● **Your objective**
Once the pictures are set aside, transcribe the remaining data exactly.

● **Recorded information**
================================

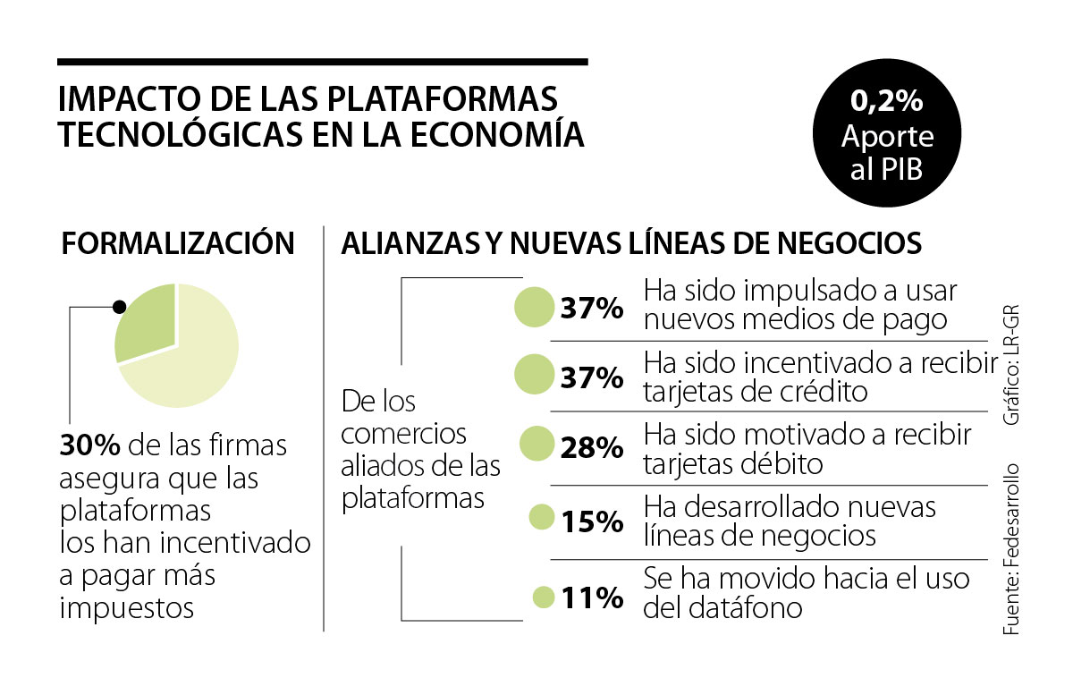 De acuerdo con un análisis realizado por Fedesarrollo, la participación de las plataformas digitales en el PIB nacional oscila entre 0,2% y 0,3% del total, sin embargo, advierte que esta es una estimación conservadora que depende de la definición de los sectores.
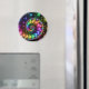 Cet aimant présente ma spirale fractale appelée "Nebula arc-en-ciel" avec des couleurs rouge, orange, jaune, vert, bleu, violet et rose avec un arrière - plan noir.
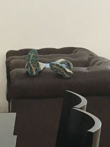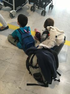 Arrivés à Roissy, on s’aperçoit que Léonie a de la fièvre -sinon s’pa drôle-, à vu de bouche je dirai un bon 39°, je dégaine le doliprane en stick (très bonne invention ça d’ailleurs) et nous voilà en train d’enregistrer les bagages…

================================

● **Expected output**
 De acuerdo con un análisis realizado por Fedesarrollo, la participación de las plataformas digitales en el PIB nacional oscila entre 0,2% y 0,3% del total, sin embargo, advierte que esta es una estimación conservadora que depende de la definición de los sectores.
 Cet aimant présente ma spirale fractale appelée "Nebula arc-en-ciel" avec des couleurs rouge, orange, jaune, vert, bleu, violet et rose avec un arrière - plan noir.
 Arrivés à Roissy, on s’aperçoit que Léonie a de la fièvre -sinon s’pa drôle-, à vu de bouche je dirai un bon 39°, je dégaine le doliprane en stick (très bonne invention ça d’ailleurs) et nous voilà en train d’enregistrer les bagages…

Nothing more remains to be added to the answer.